О необходимости ограничения польских притязаний на право «нести свет просвещения» народным массам западных окраин, за которым скрывалось насаждение польской культуры и католическая агитация, имевшая своей конечной целью «отторгнуть местный народ от России и отделить Западный край от Русского государства», неоднократно заявлял виленский генерал-губернатор В.И. Назимов, постепенно отказывавшийся от своей примирительной позиции в отношении местной польской аристократии [21, с. 108-110]. Его позицию поддерживал попечитель Виленского учебного округа А.П. Ширинский-Шихматов, первым предложивший программу постепенного ограничения польского влияния в школе и ограничения применения польского языка в образовательном процессе [23, с. 18-19].
Устранение польского доминирования в образовательной сфере являлось важным элементом программы «деполонизации» и «оборонительной русификации» Западного края, разрабатываемой на рубеже 1850-1860-х гг. членами так называемого милютинского кружка чиновников и общественных деятелей. Одним из его представителей, видным государственным и общественным деятелем, ученым-экономистом А.П. Заблоцким-Десятовским, в 1861-1862 гг. было подготовлено несколько обстоятельных записок, адресованных к верховной имперской администрации. В них излагалась последовательная «система противодействия полонизации» западных губерний посредством обширного комплекса мер, среди которых значимая роль отводилась народному просвещению [24]. Ученый был противником принудительной русификации местного населения, настаивая на ненасильственных практиках «развития литовской, белорусской и малорусской народных стихий», что позволило бы превратить их в мощный культурный противовес польскому меньшинству. Он предлагал увеличить в регионе численность народных училищ, допустив в них обучение на местных языках - литовском (жмудском), белорусском и украинском, издавать и распространять книги на этих языках, а также допустить изучение их в местных средних и высших учебных заведениях [25].
А.П. Заблоцкий-Десятовский, вероятно, также являлся автором идеи учреждения Общества для распространения грамотности и православного образования в губерниях Киевского учебного округа, обсуждавшейся в кружке великой княгини Елены Павловны и в начале 1861 г. представленной киевскому генерал-губернатору князю И.И. Васильчикову.

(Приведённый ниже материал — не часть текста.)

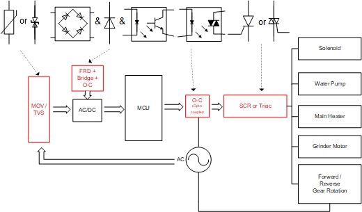 人们把电子技术应用到咖啡机上,实现了磨粉、压粉、装粉、冲泡、清除残渣等酿制咖啡全过程的自动控制,创造了全自动电子咖啡机。 应用于消费电子领域,ok138太阳集团微电 能提供比较齐全的元件解决方案。比如:AC 输入端防浪涌的压敏电阻(MOV)、电源部分用快恢复二极管(FRD, fast recovery diode)及整流桥(Bridge)、光电隔离器件(Opto-coupler)、控制负载通断的可控硅(SCR & Triac)等。

Цель этого общества, по словам его инициаторов, состояла не только в распространении народной грамотности, но в большей степени в «систематическом противодействии польско-католической пропаганде, которая в Западном крае под разными видами действует неусыпно» [26]. Несмотря на то, что князь И.И. Васильчиков и Киевский митрополит Арсений одобрили данную идею, поддержки в высших правительственных кругах она не получила, вероятнее всего, вследствие недоверия верховной власти к подобного рода общественным инициативам, хотя бы и имевшим вполне благонамеренные цели.
Январское восстание 1863-1864 гг. побудило власти перейти к жестким репрессивным мерам и политике открытой деполонизации западных губерний, в том числе в образовательной сфере, которая была признана одним из источников польской националистической и антиправительственной агитации. «Усмиритель» мятежа виленский генерал-губернатор М.Н. Муравьев сформировал общее направление образовательной политики в крае в новых условиях. Оно включало в себя всестороннюю деполониза-цию школьного дела, выражавшуюся в полном запрещении преподавания польского языка и переводе всего образовательного процесса на русский язык, а также в замещении польского педагогического состава русским; максимально возможную передачу начального образования в руки православного духовенства; сокращение численности гимназий, являвшихся «рассадником» польской пропаганды, а также создание в крае исключительно русского по языку и по духу высшего учебного заведения [27, с. 304-306].
Важнейшей мерой по реализации стратегической программы русификации образовательной сферы западных губерний стал циркуляр, вышедший 1 января 1864 г., согласно которому преподавание в начальных и средних учебных заведениях на польском языке, использование польских букварей и других учебных книг, «издаваемых большей частью в духе и с целью возбудить народ против Правительства», полностью запрещалось. Занятие образовательной деятельностью без предварительной санк-
ции администрации запрещалось всем лицам, за исключением православных священников. При этом в циркуляре оговаривалось право литовского населения обучаться жмудскому языку, «как местному наречию», а также католическому катехизису на этом языке [28].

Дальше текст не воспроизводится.